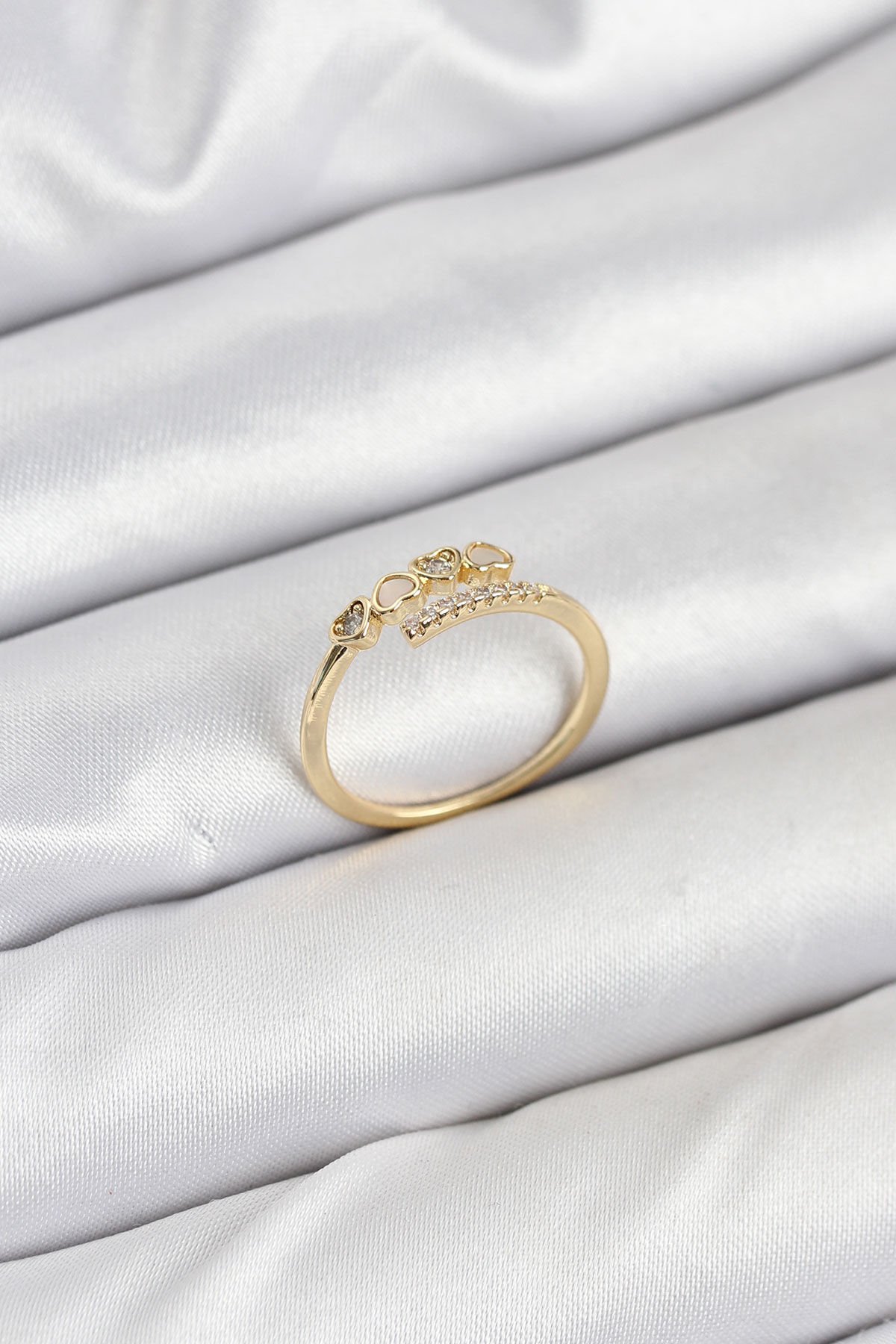 Pirinç Gold Renk Kalpli Detaylı Zirkon Taşlı Kadın Yüzük e_BYK3840
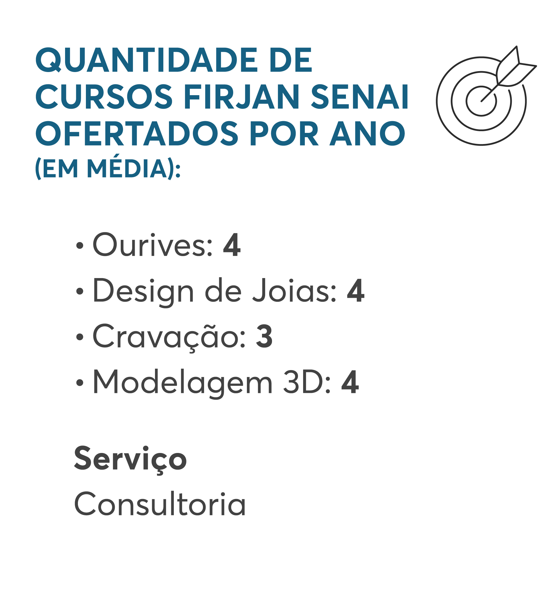 A entrada de jovens no setor de joias incentiva a renovação, seja com equipamento de fundição de alta tecnologia ou para atender a demandas personalizadas. A Firjan SENAI atende tanto profissionais, que querem melhorar a especialização dentro da indústria onde trabalha, quanto aqueles que estão começando no segmento, além dos que desejam expandir no mundo da internet, criando sua marca de produtos.
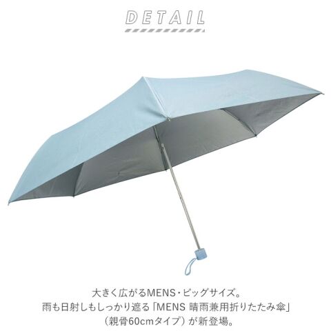 ◆雨も日射しもしっかり遮る「MENS 晴雨兼用折りたたみ傘」(親骨60cmタイプ)。
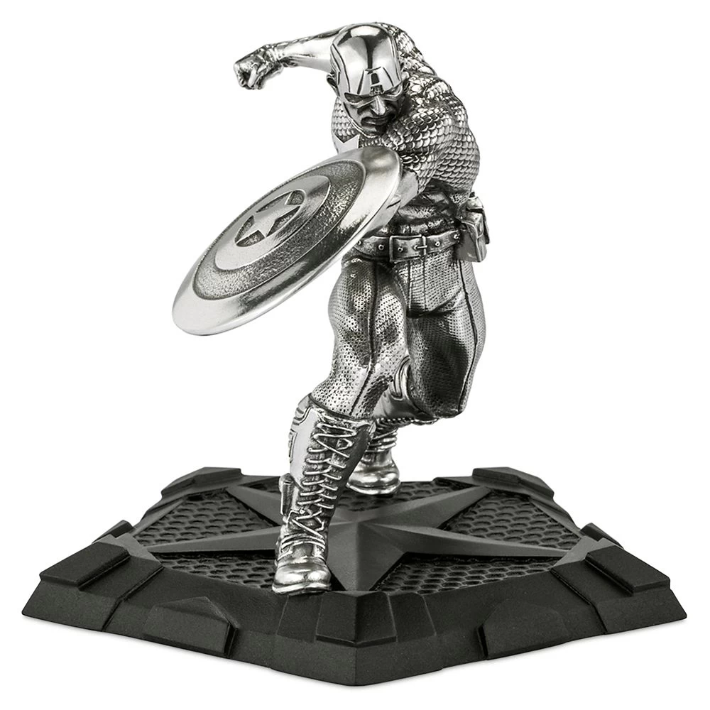 Shield in hand, Captain America charges forward and readies to throw a devastating punch in one fluid move. Finely detailed in pewter, the sculpture is rendered in the dynamic style and distinctive costume of the Bronze Age of comics and features the First Avenger on a plinth that echoes his signature five-pointed star insignia.
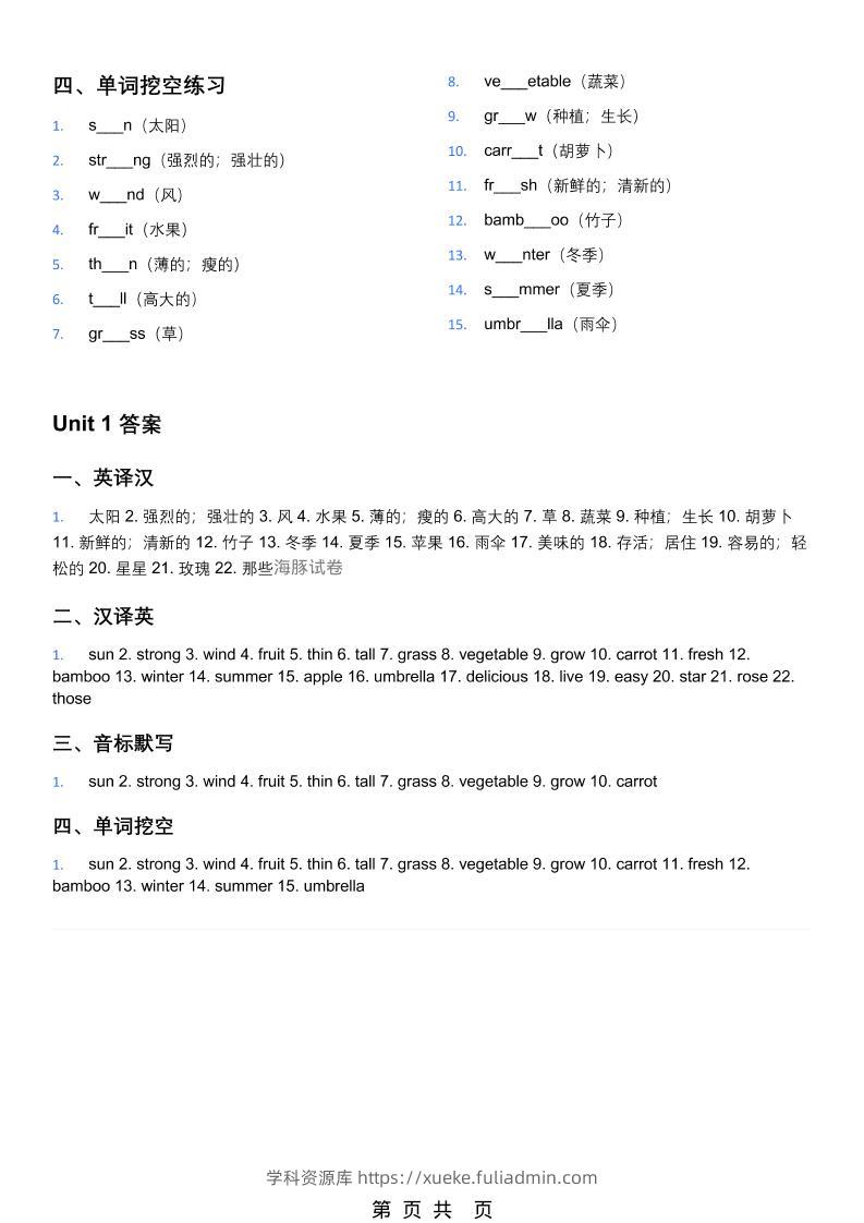 四年级下英语单词默写表(英译汉、汉译英、音标默写、单词挖空)《教科版》学科资源库昨天发布关注私信489四年级下英语单词默写表(英译汉、汉译英、音标默写、单词挖空)《教科版》此内容为付费资源,请付费后查看¥10黄金会员免费钻石会员免费立即购买您当前未登录!建议登陆后购买,可保存购买订单格式pdf页数16 页大小433.63 KB付费资源 ——预览已结束,还剩14页未读——开通会员后可免费下载高清完整文档 © 版权声明文章版权归作者所有,未经允许请勿转载。THE END小学英语 喜欢就支持一下吧点赞9 分享QQ空间微博QQ好友海报分享复制链接收藏
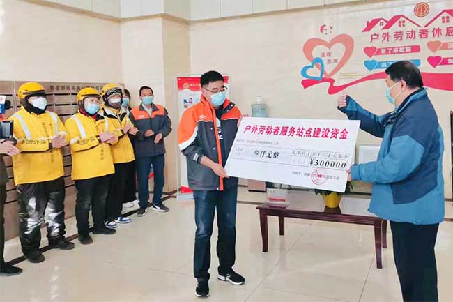 慰问组来到快递站点,看望慰问快递小哥,为新入会的美团快递会员送上装有手套、饭盒、女职工保护条例和职工维权手册的暖心大礼包,以及致快递小哥的一封信,并组织专家为快递小哥开展义诊活动。其间,慰问组与快递小哥进行了交流,详细了解他们的生活和工作情况。
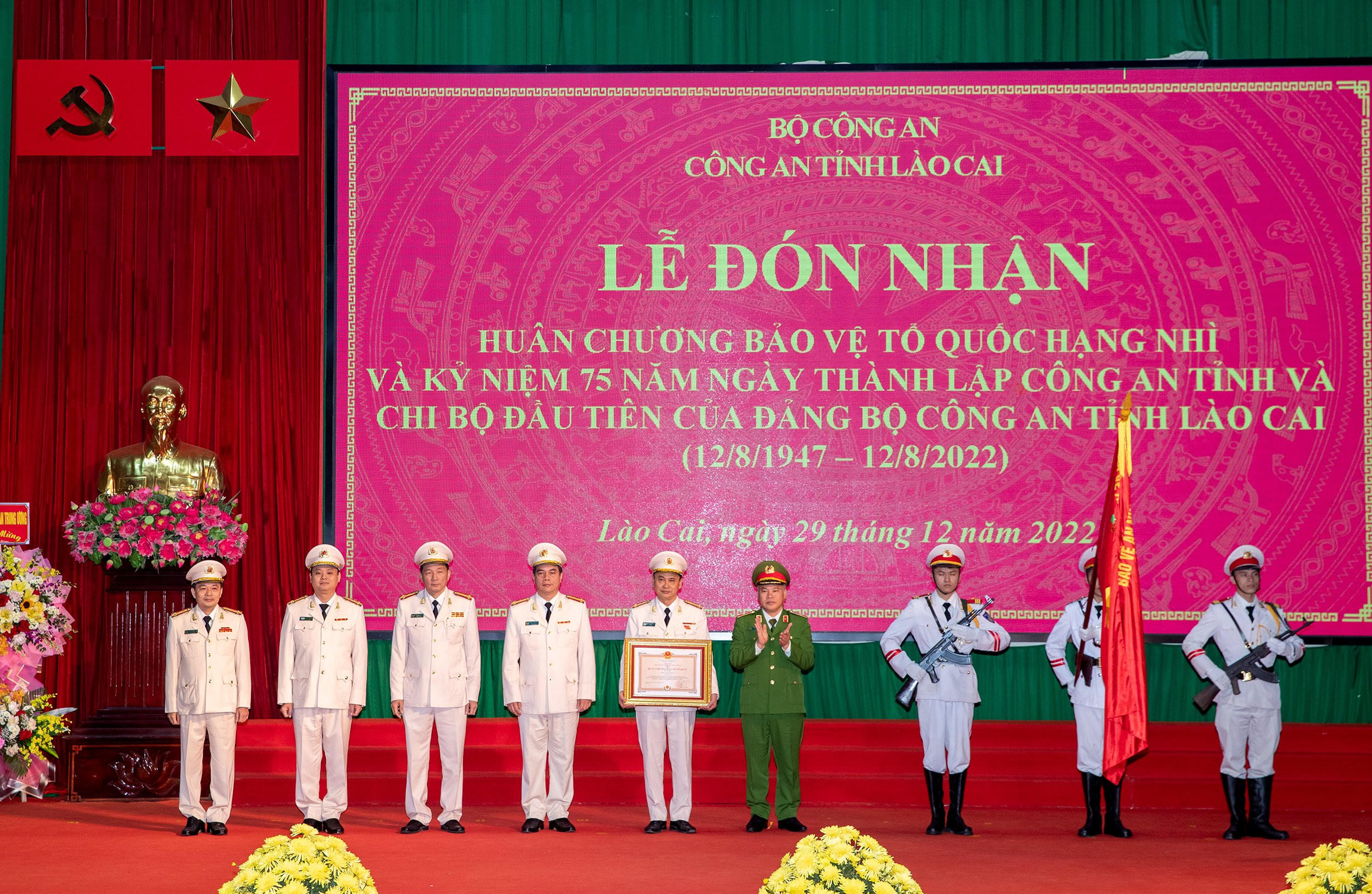 Tại buổi lễ, thừa ủy quyền của Chủ tịch nước, Thiếu tướng Nguyễn Văn Long, Thứ trưởng Bộ Công an đã trao Huân chương Bảo vệ Tổ quốc hạng Nhì cho Công an tỉnh Lào Cai.

□ □ □ □ □

Please retype only the lines from the line that holds "Shield in hand, Captain" through the end of the records, exactly as they stand, and drop every picture.

## [Reply to the exercise]
 Shield in hand, Captain America charges forward and readies to throw a devastating punch in one fluid move. Finely detailed in pewter, the sculpture is rendered in the dynamic style and distinctive costume of the Bronze Age of comics and features the First Avenger on a plinth that echoes his signature five-pointed star insignia.
 四年级下英语单词默写表(英译汉、汉译英、音标默写、单词挖空)《教科版》学科资源库昨天发布关注私信489四年级下英语单词默写表(英译汉、汉译英、音标默写、单词挖空)《教科版》此内容为付费资源,请付费后查看¥10黄金会员免费钻石会员免费立即购买您当前未登录!建议登陆后购买,可保存购买订单格式pdf页数16 页大小433.63 KB付费资源 ——预览已结束,还剩14页未读——开通会员后可免费下载高清完整文档 © 版权声明文章版权归作者所有,未经允许请勿转载。THE END小学英语 喜欢就支持一下吧点赞9 分享QQ空间微博QQ好友海报分享复制链接收藏
 慰问组来到快递站点,看望慰问快递小哥,为新入会的美团快递会员送上装有手套、饭盒、女职工保护条例和职工维权手册的暖心大礼包,以及致快递小哥的一封信,并组织专家为快递小哥开展义诊活动。其间,慰问组与快递小哥进行了交流,详细了解他们的生活和工作情况。
 Tại buổi lễ, thừa ủy quyền của Chủ tịch nước, Thiếu tướng Nguyễn Văn Long, Thứ trưởng Bộ Công an đã trao Huân chương Bảo vệ Tổ quốc hạng Nhì cho Công an tỉnh Lào Cai.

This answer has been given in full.